Lukisan “Wajah Pada Wayang-wayang” merupakan salah satu karya perupa seni lukis Indonesia, Ivan Sagito.

Wajah Pada Wayang-wayang – Ivan Sagito
  • Pelukis : Ivan Sagito
  • Judul : “Wajah Pada Wayang-wayang”
  • Tahun : 2006
  • Media : Oil on Canvas
  • Ukuran : 44,5 cm x 34cm

Deskripsi Lukisan “Wajah Pada Wayang-wayang”

Lukisan ini merupakan lukisan dengan gaya realisme, surealisme. Dengan teknik melukis menggunakan cat minyak di atas kanvas. Dalam lukisan ini terlihat figur-figur manusia yang terselip di bawah wayang. Mungkin menyiratkan bahwa kita hidup seperti wayang, kita berkamuflase. Karakter yang kita munculkan berbanding lurus dengan seberapa percaya kita kepada penonton yang melihat, ketika penonton hanya menginginkan hiburan, kita hanya dapat menunjukkan kebahagiaan, kekonyolan yang bisa menghibur mereka tanpa mereka peduli sebenarnya bagaimana perasaan kita sesungguhnya. Tidak ada yang tahu siapa kita sebenarnya selain diri kita sendiri. Orang hanya menerka, seperti melihat topeng dan karakter wayang dalam sebuah pertunjukan.

Karakteristik Karya

Ivan Sagito adalah salah satu seniman yang paling menonjol terkait dengan surealisme Yogja, sebuah gaya yang muncul di tahun 1980-an. Jenis ekspresi ini seringkali dipandang sebagai reaksi terhadap pergeseran dekorativisme (seni rupa yang menonjolkan penyederhanaan bentuk dengan jalan mengadakan distorsi) atau realisme di bawah era Soeharto.

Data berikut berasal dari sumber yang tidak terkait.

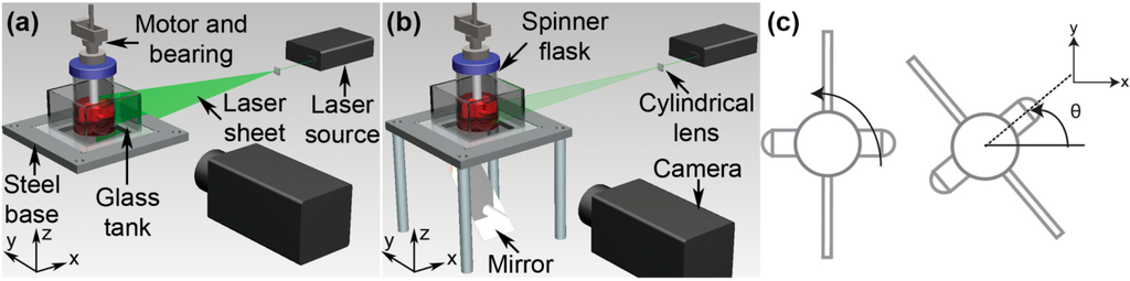 An Nd:YAG laser source and a cylindrical lens were used to create a thin laser sheet that illuminated the imaging plane. For meridional plane analysis, the laser sheet was aligned vertically (Figure 1a), whereas for azimuthal image acquisition procedure, the laser sheet was in a horizontal plane and a mirror was placed underneath the flask to reflect the scattered light in the fluid flow onto the camera sensor as shown in Figure 1b.

Karya-karyanya seringkali bersifat satir dengan simbolik, mengeksplorasi tema kemanusiaan dan isu-isu sosial.

Ivan Sagito dikenal sebagai seorang seniman introvert dan misterius, namun karya seninya cukup terkenal di dunia seni.

Teknik Melukis Ivan Sagito

Ivan terkenal dengan teknik lukisnya yang menggunakan impasto, yaitu sebuah teknik lukis dengan menumpuk cat di atas kanvas. Teknik inilah yang ia gunakan dan masih dipertahankannya.

Sejak awal berkarya, corak karyanya tidak pernah berubah kecuali tema dan obsesinya, karena ia berkarya sesuai dengan apa yang dikehendakinya.

Ivan juga menggunakan teknik melukis realistik untuk membuat gambar terlihat realistis. Keluar dari ketegangan ini, ia berusaha untuk menggambarkan ketidakpastian kehidupan sehari-hari, terutama karena hal itu berdampak pada orang-orang yang tidak berdaya dalam menghadapi kemiskinan dan ketidakadilan.

Ivan Sagito mengatakan: “Bagi saya, hidup selalu pergi, berbeda dari yang kita harapkan. Ini adalah alasan mengapa saya cenderung untuk mengekspresikan ketidakpastian melihat kehidupan di lingkungan saya, saya mendapat kesan bahwa semua orang dikendalikan oleh kekuatan yang tak terlihat”.

Subjek Lukisan Ivan Sagito

Subjek Ivan Sagito yang sering dituangkan ke dalam karya-karyanya adalah orang-orang tradisional Jawa ia amati dari perjuangan kehidupan di Yogyakarta.

Ia telah menyatakan: “Mereka berjuang untuk bertahan hidup, tapi mereka menerima apa pun yang terjadi pada mereka.” Dalam persiapan untuk membuat sebuah lukisan, ia mengambil beberapa foto dari subjek dalam upaya untuk menangkap realitas batin mereka.

Ivan Sagito hampir selalu melukis sosok manusia berulang kali dalam satu pekerjaan, menggambarkan mereka dalam pergeseran pose atau situasi yang berbeda.

Mencermati tema yang digeluti Ivan, bisa ditarik konklusi atau kesimpulan, proses kreatif Ivan adalah dunia suwung (Suwung merupakan kata yang berasal dari Bahasa Jawa, yang berarti kosong atau tiada) yang ditempuh secara solitaire. Situasi ini lebih dekat dengan sunyi, atau jauh dari gemuruh. Booming lukisan adalah dunia yang bergemuruh.

Pergulatan Ivan dengan sunyi untuk mencari alternatif jawaban terhadap persoalan kemanusiaan, mungkin saja mengingatkan kita pada pernyataan sejarawan Arnold Joseph Toynbee, yang menuturkan bahwa perbaikan peradaban seringkali dilakukan oleh para cendekia yang mengasingkan diri dari gemuruh supaya ia bisa khusyuk menangkap ilham.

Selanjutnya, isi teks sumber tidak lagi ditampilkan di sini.